● ABOUT THIS EXERCISE: Pictures in the entries below are excluded; copy only the lines from the one containing "I tre dipinti, realizzati" to the one containing "Занавеска для душа, в", both included.

● AVAILABLE DATA:
- - -

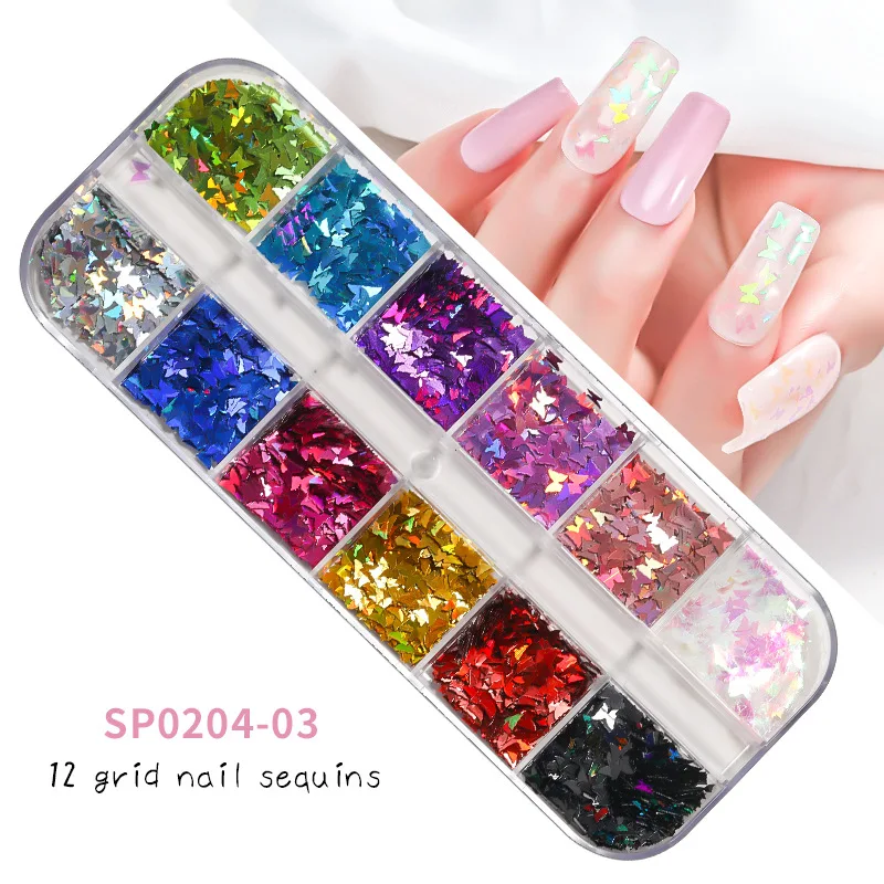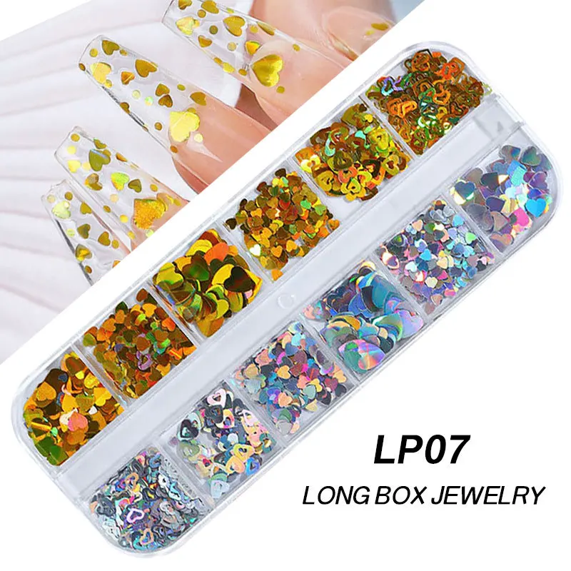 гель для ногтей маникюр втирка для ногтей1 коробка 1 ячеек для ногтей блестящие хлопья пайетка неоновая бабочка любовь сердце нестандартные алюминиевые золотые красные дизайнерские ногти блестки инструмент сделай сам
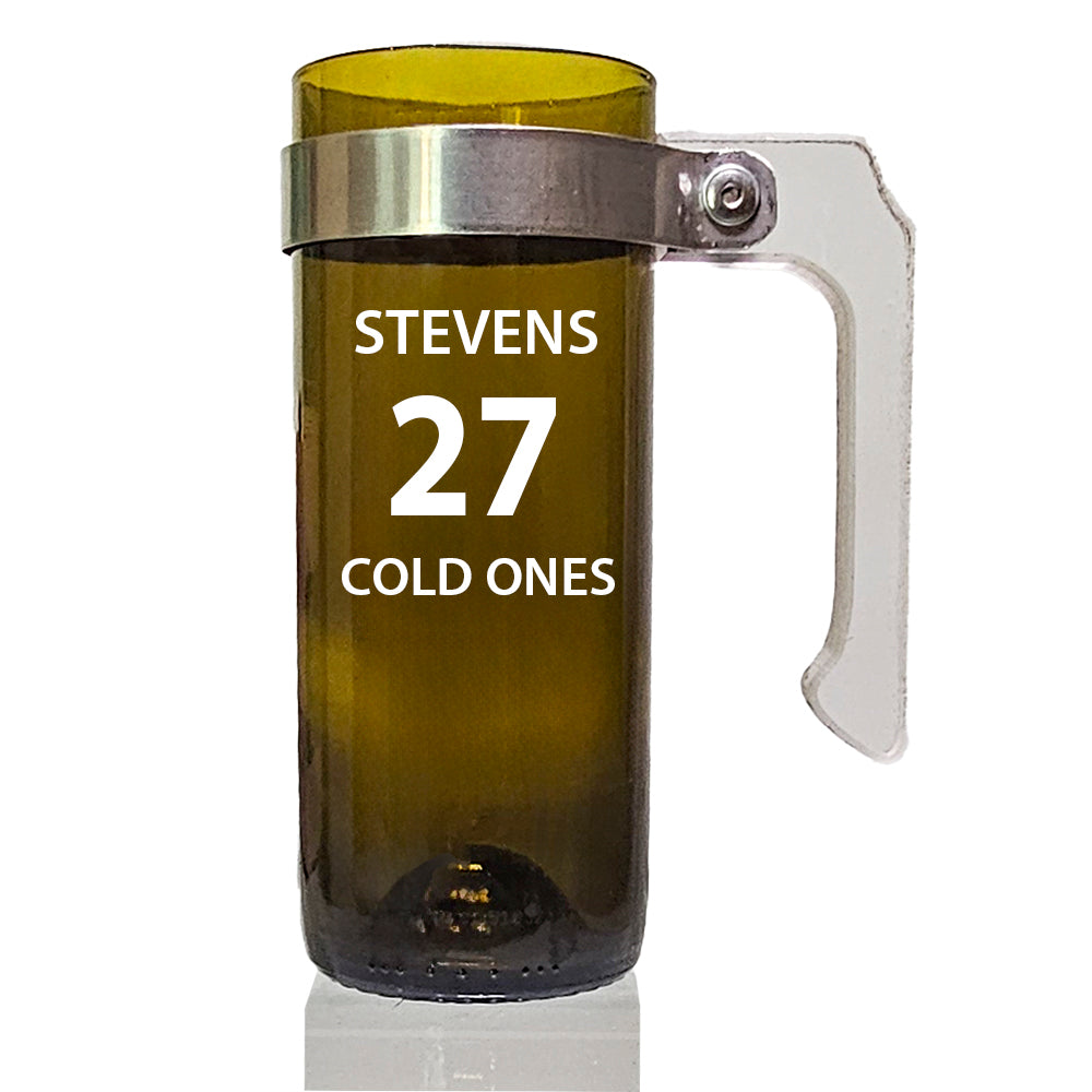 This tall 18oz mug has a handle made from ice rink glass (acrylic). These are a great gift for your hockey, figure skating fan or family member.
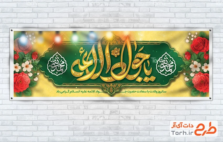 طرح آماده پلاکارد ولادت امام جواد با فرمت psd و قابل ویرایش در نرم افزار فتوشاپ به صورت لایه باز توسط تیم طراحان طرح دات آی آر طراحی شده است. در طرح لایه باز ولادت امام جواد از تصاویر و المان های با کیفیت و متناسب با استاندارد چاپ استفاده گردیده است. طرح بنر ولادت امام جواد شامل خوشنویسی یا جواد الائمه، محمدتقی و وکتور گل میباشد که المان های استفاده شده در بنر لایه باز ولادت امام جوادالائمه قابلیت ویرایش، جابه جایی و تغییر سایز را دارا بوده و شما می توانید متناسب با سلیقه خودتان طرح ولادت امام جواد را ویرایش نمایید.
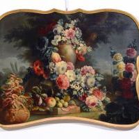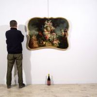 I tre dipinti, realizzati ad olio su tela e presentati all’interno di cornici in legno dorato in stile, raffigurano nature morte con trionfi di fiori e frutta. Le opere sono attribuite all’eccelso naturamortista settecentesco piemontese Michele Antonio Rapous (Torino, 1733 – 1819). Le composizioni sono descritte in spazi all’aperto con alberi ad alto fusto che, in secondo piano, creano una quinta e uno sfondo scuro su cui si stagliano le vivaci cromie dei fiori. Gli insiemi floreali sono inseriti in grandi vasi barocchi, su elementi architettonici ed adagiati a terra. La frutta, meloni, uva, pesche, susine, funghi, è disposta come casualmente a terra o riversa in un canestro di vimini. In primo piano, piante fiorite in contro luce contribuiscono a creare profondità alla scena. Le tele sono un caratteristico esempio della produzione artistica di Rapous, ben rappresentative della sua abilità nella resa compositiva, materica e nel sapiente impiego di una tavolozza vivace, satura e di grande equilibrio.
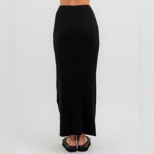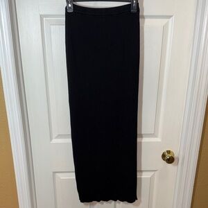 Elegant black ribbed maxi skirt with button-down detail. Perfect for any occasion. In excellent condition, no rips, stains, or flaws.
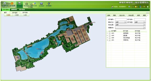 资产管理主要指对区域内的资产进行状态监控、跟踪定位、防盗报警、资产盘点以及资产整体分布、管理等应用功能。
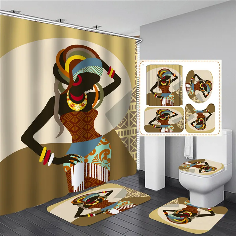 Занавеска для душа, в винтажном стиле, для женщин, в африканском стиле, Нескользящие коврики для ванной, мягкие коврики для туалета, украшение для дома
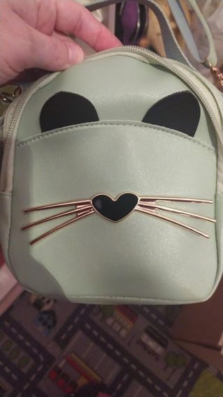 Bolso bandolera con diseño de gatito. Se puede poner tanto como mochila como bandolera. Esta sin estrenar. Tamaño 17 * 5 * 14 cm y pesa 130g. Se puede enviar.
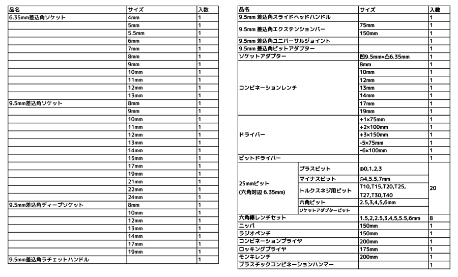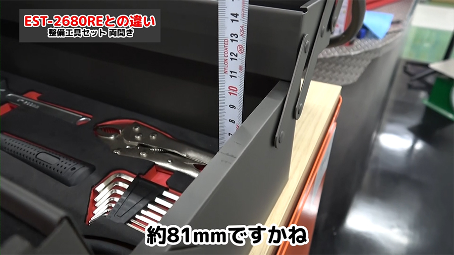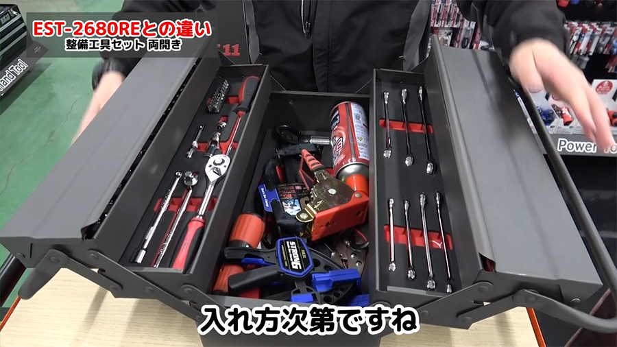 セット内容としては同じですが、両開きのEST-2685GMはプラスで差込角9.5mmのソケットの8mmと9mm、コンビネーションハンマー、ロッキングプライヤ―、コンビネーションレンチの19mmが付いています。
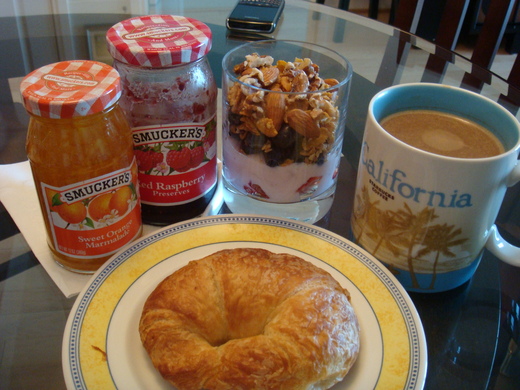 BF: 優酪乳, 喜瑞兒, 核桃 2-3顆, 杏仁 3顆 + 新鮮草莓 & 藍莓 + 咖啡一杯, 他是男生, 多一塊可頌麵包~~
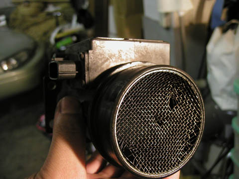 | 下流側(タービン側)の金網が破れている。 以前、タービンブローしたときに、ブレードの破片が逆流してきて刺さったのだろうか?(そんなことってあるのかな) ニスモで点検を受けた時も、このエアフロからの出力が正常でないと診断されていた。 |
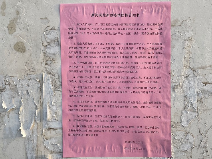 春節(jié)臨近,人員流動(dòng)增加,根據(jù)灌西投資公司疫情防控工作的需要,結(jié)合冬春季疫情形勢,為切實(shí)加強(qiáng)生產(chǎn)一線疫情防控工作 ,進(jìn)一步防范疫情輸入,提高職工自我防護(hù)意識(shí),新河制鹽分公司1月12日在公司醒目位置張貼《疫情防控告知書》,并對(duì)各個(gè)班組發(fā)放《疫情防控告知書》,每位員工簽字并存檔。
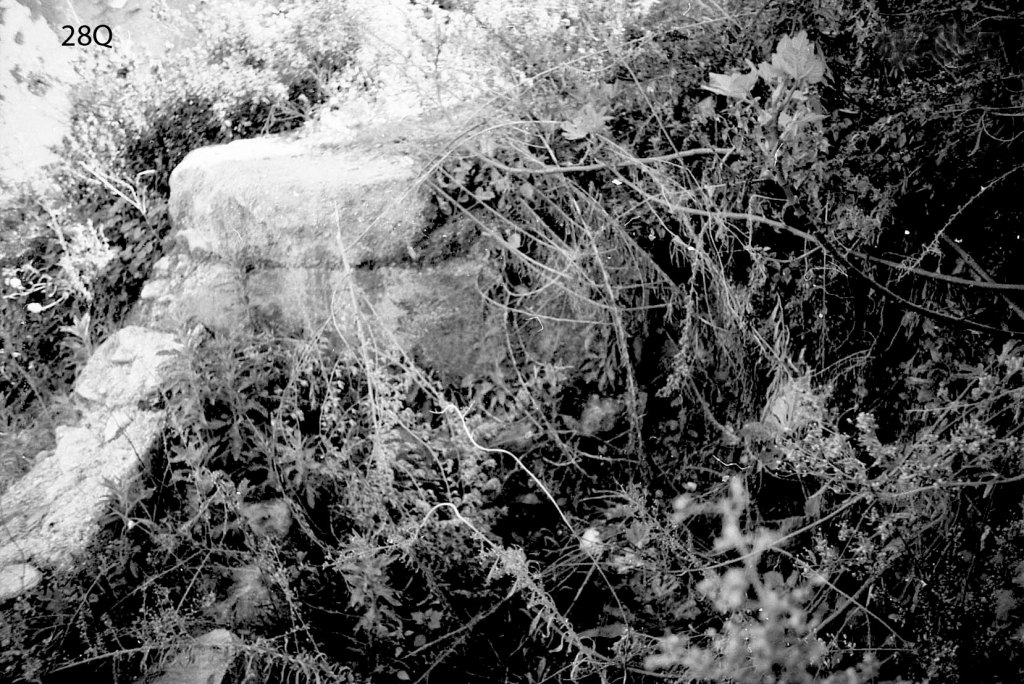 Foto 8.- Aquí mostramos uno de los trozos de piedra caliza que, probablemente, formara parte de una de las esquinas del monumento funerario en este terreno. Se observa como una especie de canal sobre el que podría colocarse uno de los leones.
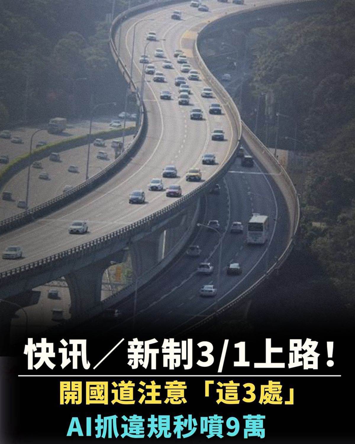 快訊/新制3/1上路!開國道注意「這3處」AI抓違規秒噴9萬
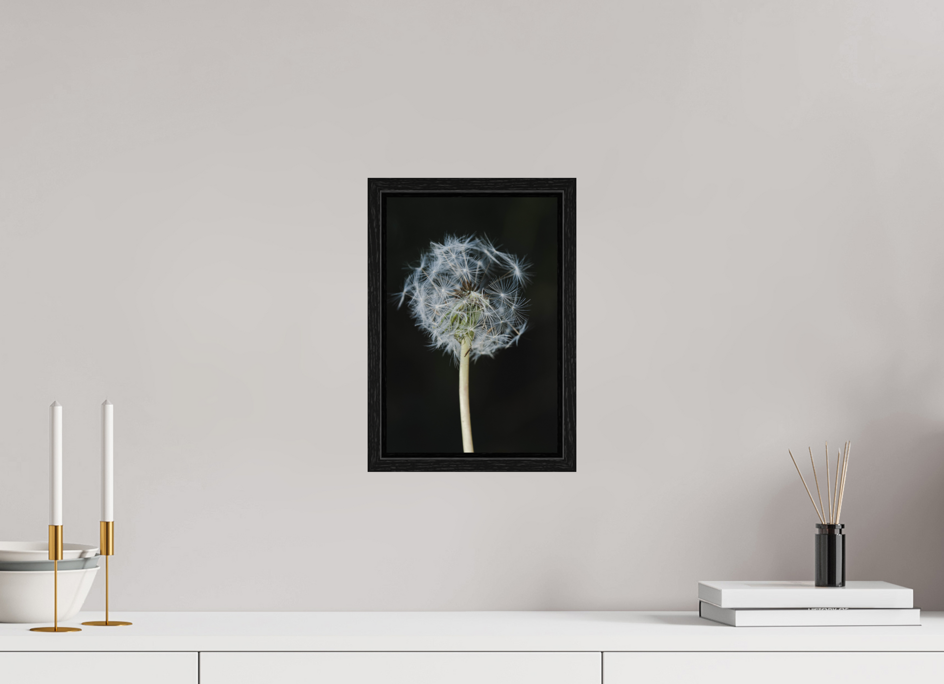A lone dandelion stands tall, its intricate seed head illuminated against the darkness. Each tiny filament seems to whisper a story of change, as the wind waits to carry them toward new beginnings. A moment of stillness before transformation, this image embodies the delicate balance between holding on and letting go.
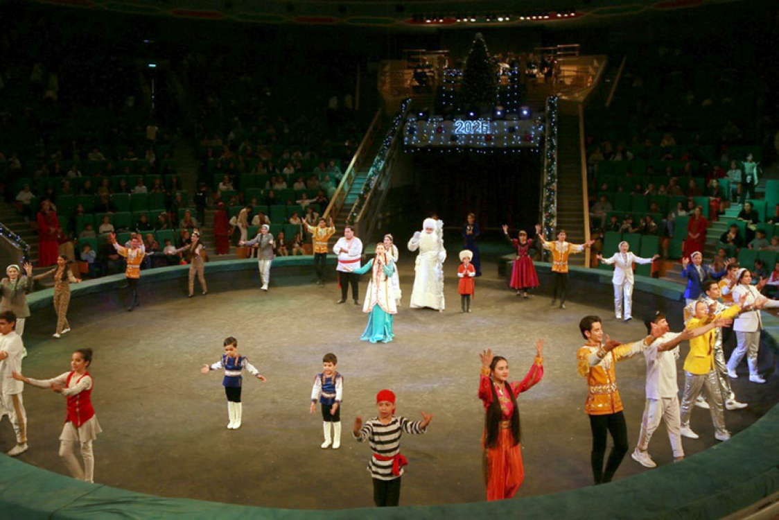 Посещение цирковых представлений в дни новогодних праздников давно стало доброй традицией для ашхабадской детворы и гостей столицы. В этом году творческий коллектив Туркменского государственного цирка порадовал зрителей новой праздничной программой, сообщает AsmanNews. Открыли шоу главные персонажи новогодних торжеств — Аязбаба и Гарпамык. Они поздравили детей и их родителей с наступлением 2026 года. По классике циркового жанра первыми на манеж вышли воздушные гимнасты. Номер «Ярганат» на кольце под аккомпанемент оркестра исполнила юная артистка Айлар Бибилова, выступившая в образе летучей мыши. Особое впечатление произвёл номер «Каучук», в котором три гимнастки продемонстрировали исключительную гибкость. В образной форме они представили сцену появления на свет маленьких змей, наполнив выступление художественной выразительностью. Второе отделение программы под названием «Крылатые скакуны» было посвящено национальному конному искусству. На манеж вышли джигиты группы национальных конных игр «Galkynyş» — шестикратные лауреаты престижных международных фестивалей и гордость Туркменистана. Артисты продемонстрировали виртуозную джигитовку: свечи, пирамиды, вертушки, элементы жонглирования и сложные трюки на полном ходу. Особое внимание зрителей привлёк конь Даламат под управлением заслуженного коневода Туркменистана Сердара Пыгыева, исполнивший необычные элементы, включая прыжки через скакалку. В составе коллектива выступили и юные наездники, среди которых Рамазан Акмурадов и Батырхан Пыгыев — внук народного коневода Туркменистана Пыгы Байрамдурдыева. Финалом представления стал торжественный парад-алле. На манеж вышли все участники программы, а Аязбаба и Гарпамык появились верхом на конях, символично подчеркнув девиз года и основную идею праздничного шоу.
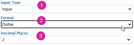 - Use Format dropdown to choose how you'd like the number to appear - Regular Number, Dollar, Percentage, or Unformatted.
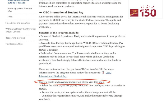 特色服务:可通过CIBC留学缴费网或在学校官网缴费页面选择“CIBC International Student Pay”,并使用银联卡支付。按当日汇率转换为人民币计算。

- - -

● ANSWER SECTION:
 I tre dipinti, realizzati ad olio su tela e presentati all’interno di cornici in legno dorato in stile, raffigurano nature morte con trionfi di fiori e frutta. Le opere sono attribuite all’eccelso naturamortista settecentesco piemontese Michele Antonio Rapous (Torino, 1733 – 1819). Le composizioni sono descritte in spazi all’aperto con alberi ad alto fusto che, in secondo piano, creano una quinta e uno sfondo scuro su cui si stagliano le vivaci cromie dei fiori. Gli insiemi floreali sono inseriti in grandi vasi barocchi, su elementi architettonici ed adagiati a terra. La frutta, meloni, uva, pesche, susine, funghi, è disposta come casualmente a terra o riversa in un canestro di vimini. In primo piano, piante fiorite in contro luce contribuiscono a creare profondità alla scena. Le tele sono un caratteristico esempio della produzione artistica di Rapous, ben rappresentative della sua abilità nella resa compositiva, materica e nel sapiente impiego di una tavolozza vivace, satura e di grande equilibrio.
 Elegant black ribbed maxi skirt with button-down detail. Perfect for any occasion. In excellent condition, no rips, stains, or flaws.
 资产管理主要指对区域内的资产进行状态监控、跟踪定位、防盗报警、资产盘点以及资产整体分布、管理等应用功能。
 Занавеска для душа, в винтажном стиле, для женщин, в африканском стиле, Нескользящие коврики для ванной, мягкие коврики для туалета, украшение для дома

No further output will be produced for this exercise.